# Locking the shutter wheel



## tecboy (Jun 20, 2014)

Is there a way to lock the shutter wheel on my 70D?  I can't keep my finger and my hand off that shutter wheel.


----------



## Dao (Jun 20, 2014)

If you mean the wheel next to the shutter ...  then ...  I do not believe you can lock it.    (except  super glue)


----------



## Overread (Jun 20, 2014)

You can  use the menu to change the function of the wheel next to the shutter button, but you can't lock it out. The only wheel you can lock is the one on the back of the camera.

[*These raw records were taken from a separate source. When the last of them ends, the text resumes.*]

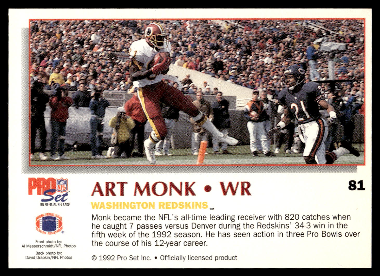 Football (Brand: Pro Set) (Type: Pro Set Power) (Subtype: ) (Hall of Famer: ) (Superstar: ) (Rookie: ) (Kind of Packaging: Semi-Rigid with Sleeve) (Year: 1992) (Unique Number: 81) (Numbered Card: ) (Player: Art Monk)
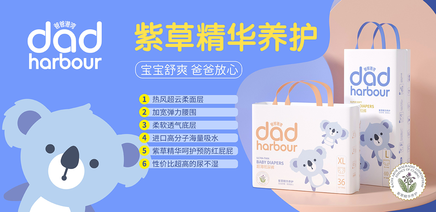 品牌名稱:爸爸港灣 主營產(chǎn)品:爸爸港灣紙尿褲,爸爸港灣拉拉褲 品牌特色:萃取天然紫草精華 抑菌守護(hù)
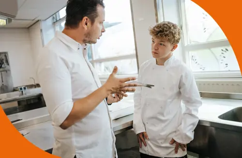 Praktijkervaring vormt een belangrijk onderdeel van het onderwijs op de Horeca Vakschool Rotterdam. In de eerste twee leerjaren oefenen leerlingen vooral binnen de schoolmuren, in de keuken of in de bakkerij. Daar leren zij werken met echte producten en ontdekken zij hoe deze het best kunnen worden gebruikt.
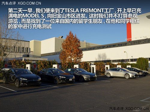 第二天一早,我們便來到了TESLA FREMONT工廠,開上早已充滿電的MODEL S,向舊金山市區(qū)進發(fā)。這時我們并不打算參觀游覽,而是找到了一位來自國內(nèi)的留學生朋友,在他和同學租住的家中進行充電測試。
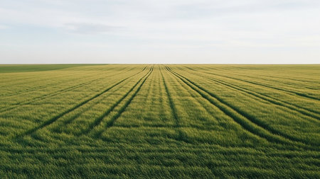 Towards showing vast green agricultural field with tractor tracks leading towards the horizon under a pale sky keywords: field, agriculture, green, grass, crop,...
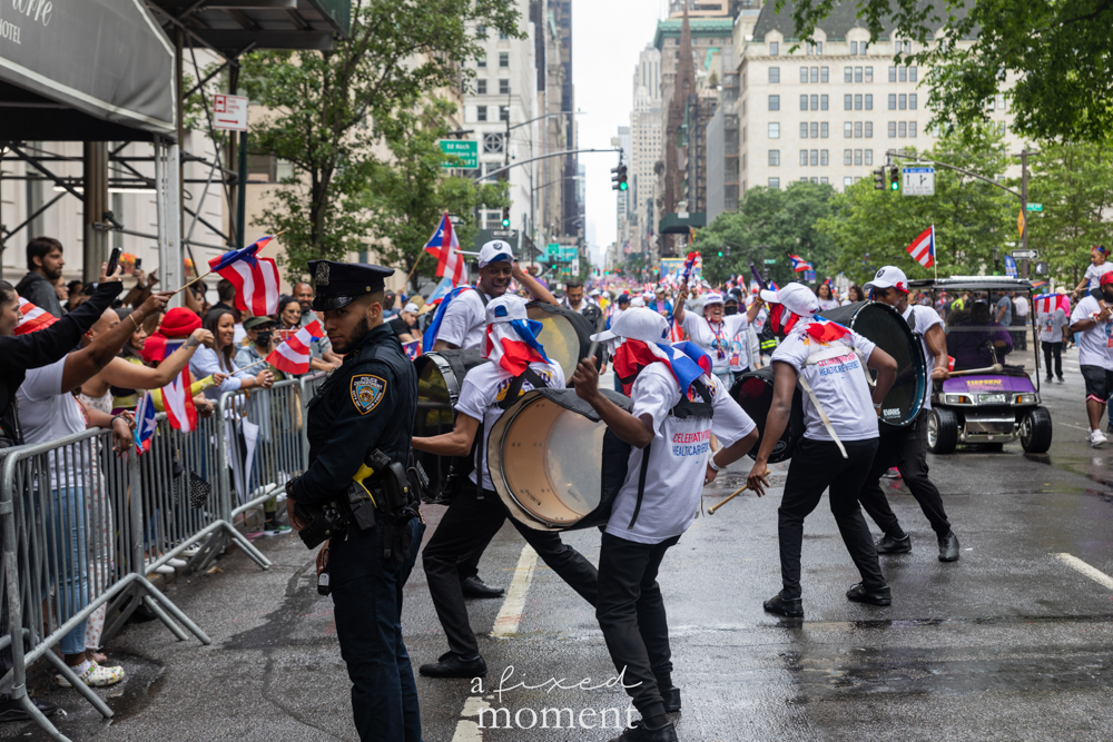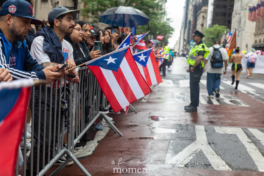 The parade began in the morning at Fifth Avenue and 44th Street, where the lively procession of floats, marching bands, and dancers made its way north toward 79th Street. The energy was electric as the crowd cheered and waved flags, with many participants dressed in traditional Puerto Rican attire, complete with vibrant colors and bold patterns.
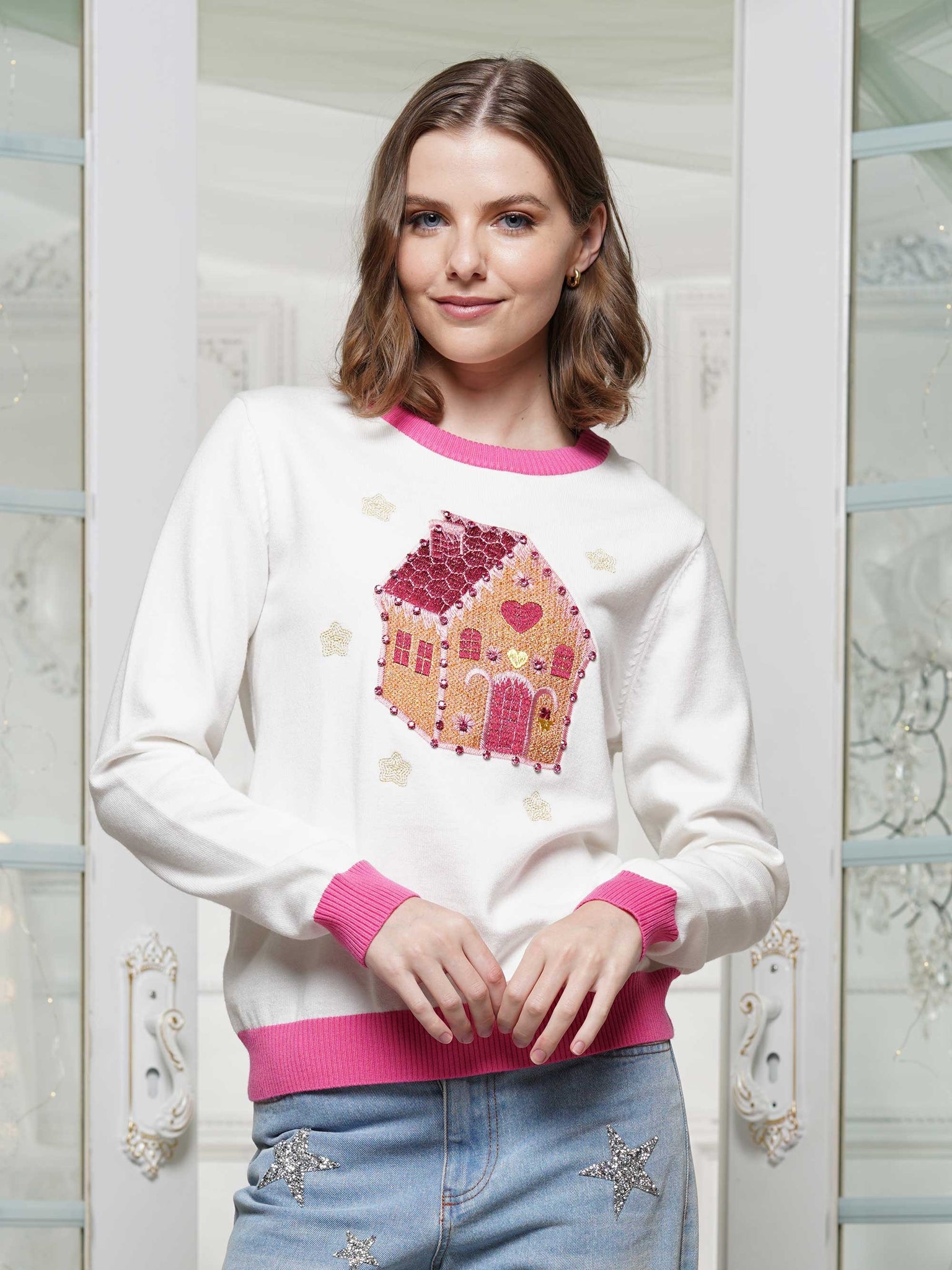 FINAL SALE Gingerbread House Embroidered Sweater
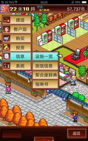 6、建筑之间的搭配直接关系到契合度,所以掌握相性系统十分关键。可以通过“信息”菜单里的“契合度词典”来了解相关内容,不同的建筑组合会产生增益或者减益的效果。像客房旁边就不适合放置噪音比较大的设施(比如游艺机、歌厅),不然会使人气值下降,进而影响入住率。

That said its far easier to learn to not hit the wheel rather than lock it out because then when you do need it you'd have to fiddle turning it back on again


----------



## SCraig (Jun 20, 2014)

Piece of electrical tape over the wheel should take care of it.  Or you could do like most people and just not hit it.


----------



## table1349 (Jun 20, 2014)

tecboy said:


> Is there a way to lock the shutter wheel on my 70D?  *I can't keep my finger and my hand off that shutter wheel*.



Is that what they are calling it now, the shutter wheel?   What happened to the Chicken?   Did he get choked to death???

A blind photographer with a hairy palm  is a pitiful sight to see.


----------